DATASET SECTION: Begin

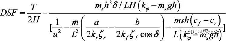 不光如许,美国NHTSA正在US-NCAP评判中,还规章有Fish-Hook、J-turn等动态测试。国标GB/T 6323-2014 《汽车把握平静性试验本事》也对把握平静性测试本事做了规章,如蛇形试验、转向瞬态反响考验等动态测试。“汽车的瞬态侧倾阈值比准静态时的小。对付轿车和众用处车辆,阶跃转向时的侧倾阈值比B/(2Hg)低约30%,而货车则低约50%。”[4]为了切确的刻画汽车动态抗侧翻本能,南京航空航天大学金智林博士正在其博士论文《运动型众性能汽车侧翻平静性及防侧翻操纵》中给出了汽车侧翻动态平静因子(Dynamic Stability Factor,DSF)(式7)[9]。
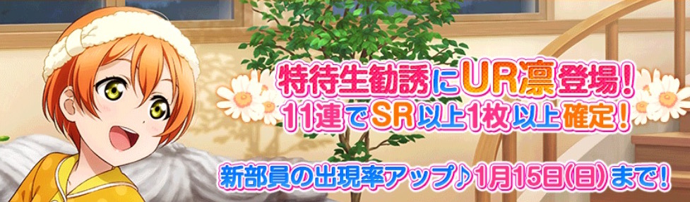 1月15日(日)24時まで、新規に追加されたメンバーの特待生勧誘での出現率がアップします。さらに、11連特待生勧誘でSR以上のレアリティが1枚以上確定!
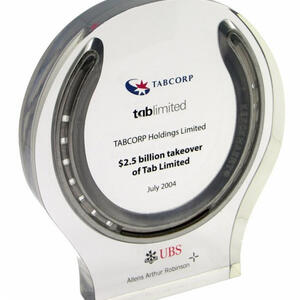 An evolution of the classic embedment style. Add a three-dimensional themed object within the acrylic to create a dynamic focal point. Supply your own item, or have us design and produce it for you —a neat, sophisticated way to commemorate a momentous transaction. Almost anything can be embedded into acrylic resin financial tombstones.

DATASET SECTION: End

*DESCRIPTION OF THE TASK*. Output the whole listing again, exactly, without its pictures.

*ANSWER SECTION*.
 不光如许,美国NHTSA正在US-NCAP评判中,还规章有Fish-Hook、J-turn等动态测试。国标GB/T 6323-2014 《汽车把握平静性试验本事》也对把握平静性测试本事做了规章,如蛇形试验、转向瞬态反响考验等动态测试。“汽车的瞬态侧倾阈值比准静态时的小。对付轿车和众用处车辆,阶跃转向时的侧倾阈值比B/(2Hg)低约30%,而货车则低约50%。”[4]为了切确的刻画汽车动态抗侧翻本能,南京航空航天大学金智林博士正在其博士论文《运动型众性能汽车侧翻平静性及防侧翻操纵》中给出了汽车侧翻动态平静因子(Dynamic Stability Factor,DSF)(式7)[9]。
 1月15日(日)24時まで、新規に追加されたメンバーの特待生勧誘での出現率がアップします。さらに、11連特待生勧誘でSR以上のレアリティが1枚以上確定!
 An evolution of the classic embedment style. Add a three-dimensional themed object within the acrylic to create a dynamic focal point. Supply your own item, or have us design and produce it for you —a neat, sophisticated way to commemorate a momentous transaction. Almost anything can be embedded into acrylic resin financial tombstones.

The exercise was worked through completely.